Anomaly detection accuracy for different impurity levels in the training set of the enzyme dataset (see details in Supplemental Text S1). While very large impurity rates naturally reduce performance, our representative subsampling method improves performance over random subsampling.
Identifying novel prion-like proteins
To test the ability of our method to detect anomalies due to a global functional property, we tested our method on discovering prion-like characteristics and achieved 85.76% accuracy (ROC–AUC, set embedding). The prion-anomaly detection dataset includes all non-fragment proteins from the UniRef90 database.
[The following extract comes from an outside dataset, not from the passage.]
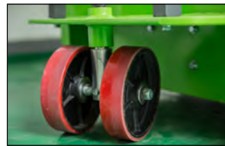
Red PU Wheel
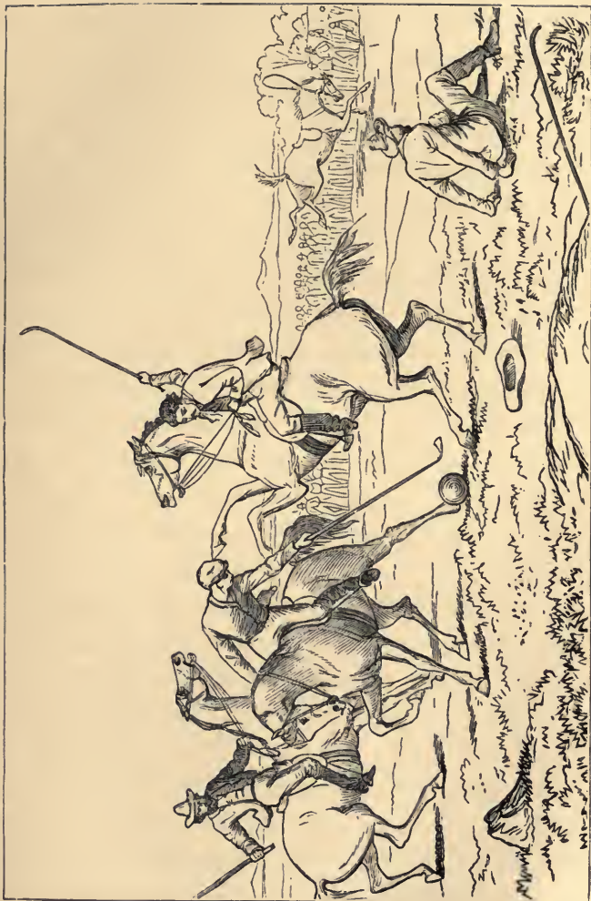
POLO ON THE PLAINS.—PAGE 166.

We used UniRef90 proteins (i.e. representatives with <90% identity) in two manually annotated classes: known prion proteins that are labeled with the SwissProt molecular function keyword of Prion (KW-0640) versus all other (remaining) proteins. We focus on prions as these are rare with poorly defined biochemical properties. Prions undergo anomalous shifts in their 3D structure, which eventually leads to irreversible aggregation and physiopathology in vivo (40).
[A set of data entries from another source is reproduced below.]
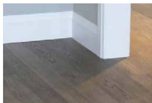
Engineered hardwood in kitchen/breakfast, living room, dining room, great room, family room, study, office, and main floor hallway as per plan.
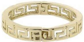
GOLD LAYERED 07.91.0006 INDIVIDUAL BANGLE, GREEK KEY DESIGN, POLISHED FINISH, GOLD TONE (8 MM THICKNESS, SIZE 2 - 1.75 INCHES DIAMETER)
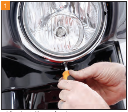
After installing a fender cover to prevent damage, use a Phillips screwdriver to remove the single screw at the bottom of the trim ring.

Our unsupervised model was used to create a scored, ranked list of 60 000 prion predictions on a diverse sample of UniRef90 proteins. The top 100 most likely predictions are listed in Supplementary Table S2). We observed that the proteins with the highest anomaly scores are relatively short (mean 205 amino acids; length is <80 amino acids for 50% of the top list). The proteins are signified as having non-standard taxonomy sampling with over-representation of proteins from fungi and slime mold (14% each), bacteria and viruses (12% each). These are poorly studied proteins, with over a third of them being named ‘uncharacterized’. Many of these top scoring proteins have compositional bias (28%).
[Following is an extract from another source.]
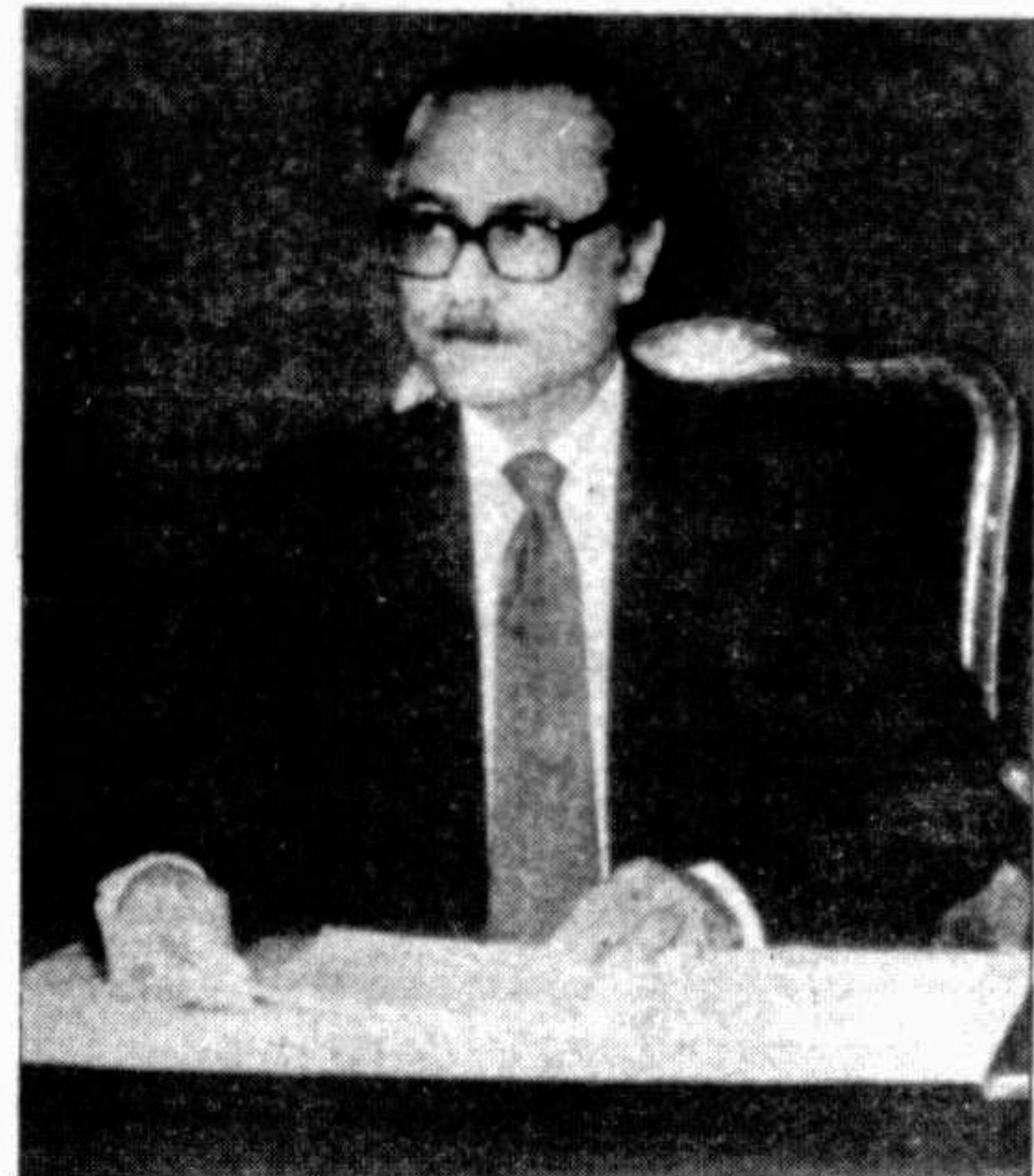
Acting President Justice Shahabuddin addressing nation on Friday.

Justice Shahabuddin said, right from the beginning of his tenure he was saying that he would go back to his original post and if there had been no constitutional obstacles, he

Our results support the notion that prion-like proteins have low sequence similarity to other proteins, low sequence complexity, and low confidence structure (Figure 3). Most of the structures predicted as anomalous proteins are of low confidence (pLDDT orange/yellow color), and only very small fragments reach high confidence (dark blue). In many of these proteins, over-representation of specific amino acids is evident. For example, Q54VH6 and Q54QL5 from the Dictyostelium discoideum (Social amoeba) are composed of over 70% asparagine (N). Similarly, in Q54KT2, histidine (H) and proline (P) dominate the sequence. Extreme bias in the occurrence of amino acids signifies many of the identified prion-like proteins (41).
Figure 3.
The 3D structures of the 10 proteins having the highest anomaly scores for the prion-like task. The AlphaFold2 structure predictions are shown and colored by the pLDDT confidence score. The organism/taxonomical groups are indicated by the font color of the protein ID. Note that only small portions within these representative sequences are colored by high confidence (dark blue, pLDDT > 90). Short proteins from the Dictyostelium discoideum dominate the anomalous prion-like sequences. N, indicates the N’-terminal of the protein.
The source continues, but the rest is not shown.